TVA – Base d’imposition – Fait générateur et exigibilité – Modification de l’exigibilité de la TVA à la suite d’une option – Les différents cas d’option

Parler à un avocat 06 89 11 34 45

1

Pour les prestations de services, le fait générateur de la TVA se produit au moment où la
prestation de services est effectuée, la taxe étant exigible en principe lors de l’encaissement des acomptes, du prix ou de la rémunération
(article 269 du code général des impôts (CGI)).

10

Toutefois, en ce qui concerne l’exigibilité, le premier alinéa de l’article 269-2-c du CGI
prévoit en faveur des prestataires de services, la faculté d’opter pour le paiement de la taxe d’après les débits.

Par ailleurs, les entrepreneurs de spectacles peuvent, sur option, acquitter la TVA d’après les
bordereaux de recettes.

En outre, le troisième alinéa de l’article 269-2-c du CGI dispose que les entrepreneurs de
travaux immobiliers peuvent, dans des conditions et pour les travaux qui sont fixés par décret, opter pour le paiement de la taxe sur les livraisons.

Sont donc successivement examinées :

– l’option pour le paiement de la taxe d’après les débits ;

– l’option pour le paiement de la taxe selon le bordereau de recettes pour les entreprises de
spectacles ;

– l’option pour le paiement de la TVA sur les livraisons de travaux immobiliers.

I. Option pour le paiement de la taxe d’après les débits

20

Aux termes de l’article
269-2-c,
al. 1 du CGI, les personnes qui effectuent des prestations de services, opérations pour lesquelles la taxe est en
principe exigible lors de l’encaissement, peuvent être autorisées à acquitter la taxe d’après leurs débits (c’est-à-dire lors de l’inscription des sommes correspondantes au débit des comptes clients).

A. Modalités et portée de l’option

1. Redevables pouvant acquitter la TVA d’après les débits

30

Les redevables qui effectuent des opérations soumises à la TVA pour lesquelles la taxe est
exigible lors de l’encaissement, peuvent dans les conditions fixées par l’article 77 de l’annexe III au CGI, opter pour
acquitter la taxe d’après les débits.

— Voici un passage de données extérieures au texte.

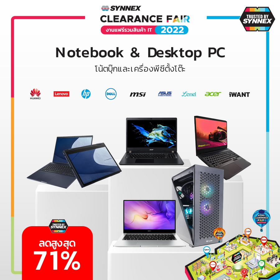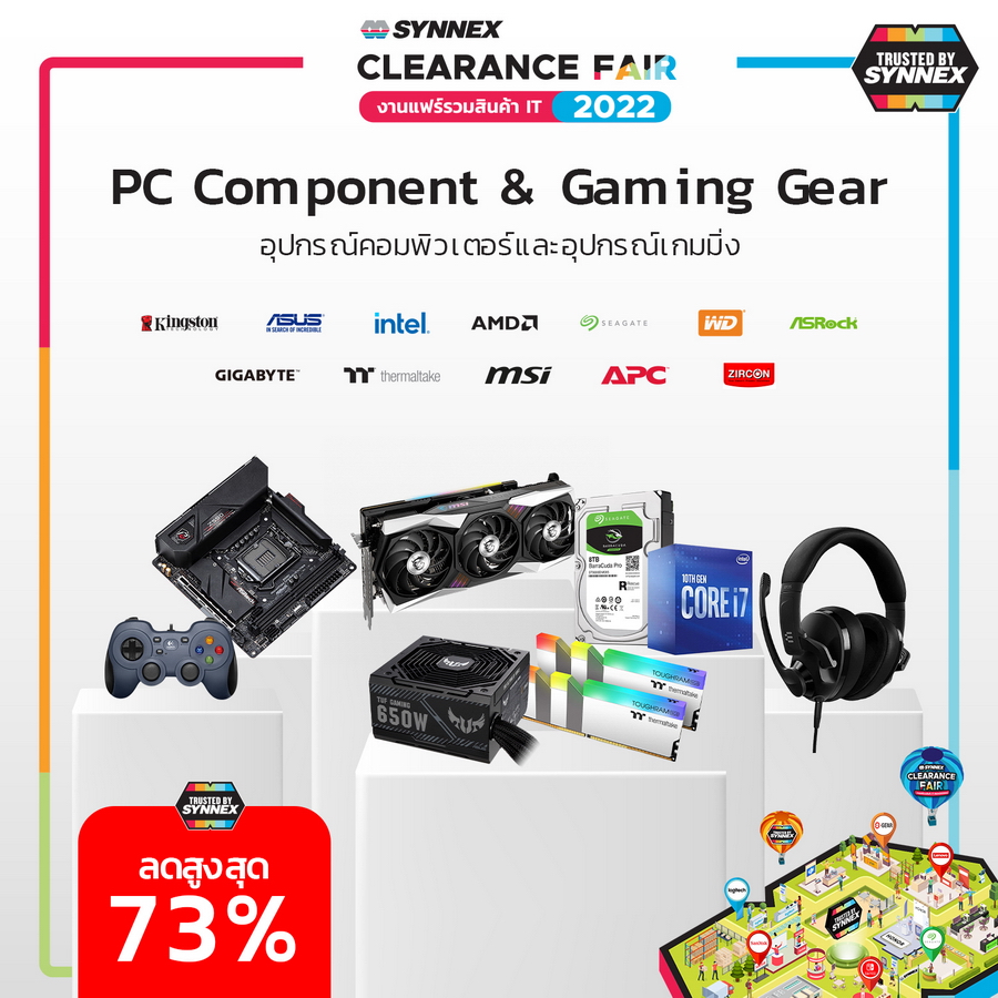 “SYNNEX Clearance Fair 2022” งานเด็ดส่งท้ายปีของ บริษัท ซินเน็ค (ประเทศไทย) จากัด (มหาชน) หรือ SYNEX ดิสทริบิวเตอร์ผู้นำด้านไอทีอีโคซิสเต็ม ที่เปิดบ้านยกทัพสินค้ากว่าพันรายการ มาจัดดีลราคาพิเศษให้สาวกไอทีซื้อสินค้าได้อย่างมั่นใจทั้งคุณภาพ และศูนย์บริการทั่วประเทศ ภายใต้สัญลักษณ์ Trusted by Synnex แบบจัดเต็ม ทั้งอุปกรณ์คอมพิวเตอร์ เกมมิ่ง แกดเจ็ท รวมถึงแอคเซสเซอรี่ และอื่นๆอีกมากมาย กับส่วนลดพิเศษสูงสุดมากกว่า 90%

Sont concernés les prestataires de services.

Remarque : Ainsi peuvent notamment bénéficier de cette option dans les
conditions de droit commun :

– les avocats (cf.
BOI-TVA-BASE-20-20-XII) ;

– les auteurs et interprètes des œuvres de l’esprit et les artistes du spectacle ;

– les traducteurs et Interprètes de langues étrangères, les guides et accompagnateurs, les
sportifs et les dresseurs d’animaux ;

– les associations inter-entreprises de médecine du travail (cf.
BOI-TVA-BASE-20-20-XI) ;

– les exploitants agricoles (cf. BOI-TVA-SECT-80-30-30) ;

– les éditeurs de publications de presse (cf.
BOI-TVA-SECT-40-10-30-II) ;

Cette procédure s’applique également aux redevables qui effectuent des livraisons
d’électricité, de gaz, de chaleur, de froid ou de biens similaires donnant lieu à des décomptes ou à des encaissements successifs (cf.
BOI-TVA-BASE-20-40-I-A et suivants).

2. Forme de l’option

40

L’option doit être formulée de manière expresse. Les redevables qui entendent acquitter la TVA
d’après les débits doivent en faire la déclaration écrite, par lettre simple, auprès du service des impôts des entreprises dont ils relèvent pour la paiement de la taxe
(CGI, ann. III, art. 77-1, al. 1).

3. Opérations concernées

50

L’option est globale. Elle s’applique à l’ensemble des opérations réalisées par les redevables
(CGI, ann. III, art. 77-1, al. 2).

L’option s’applique aux opérations réalisées à compter du premier jour du mois suivant celui
au cours duquel elle a été exercée (CGI, ann. III, art. 77-2, al. 1).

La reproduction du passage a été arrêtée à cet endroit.